Scrambling in the Dicke model

TL;DR

This paper investigates quantum chaos in the Dicke model by calculating the scrambling rate using Majorana fermions, revealing strong chaotic behavior near the critical point and deriving a new effective theory for the super-radiant phase.

Contribution

It introduces a novel Majorana fermion approach to study quantum chaos in the Dicke model without assuming total spin conservation.

Findings

Chaotic behavior peaks near the critical point.

Nonzero scrambling rate in a broad temperature range including normal and super-radiant phases.

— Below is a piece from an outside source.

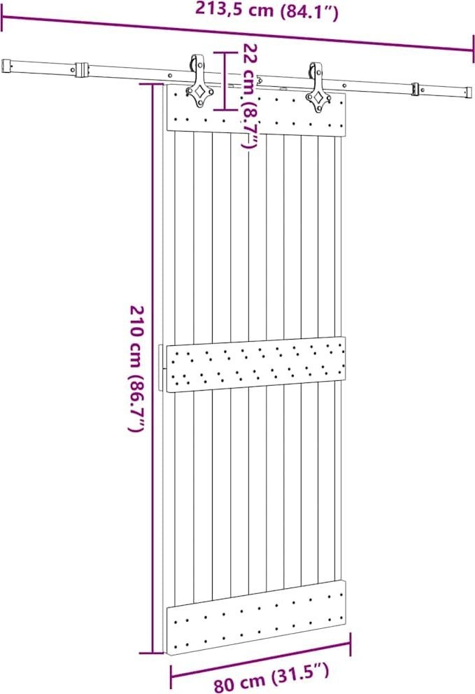 vidaXL vidaXL Drzwi przesuwne z osprzętem, 80x210 cm, lite drewno sosnowe

Derived a new finite-temperature effective theory for the super-radiant phase.

Abstract

The scrambling rate $\lambda_L$ associated with the exponential growth of out-of-time-ordered correlators can be used to characterize quantum chaos. Here we use the Majorana Fermion representation of spin $1/2$ systems to study quantum chaos in the Dicke model. We take the system to be in thermal equilibrium and compute $\lambda_L$ throughout the phase diagram to leading order in $1/N$. We find that the chaotic behavior is strongest close to the critical point. At high temperatures $\lambda_L$ is nonzero over an extended region that includes both the normal and super-radiant phases. At low temperatures $\lambda_L$ is nonzero in (a) close vicinity of the critical point and (b) a region within the super-radiant phase. In the process we also derive a new effective theory for the super-radiant phase at finite temperatures. Our formalism does not rely on the assumption of total spin conservation.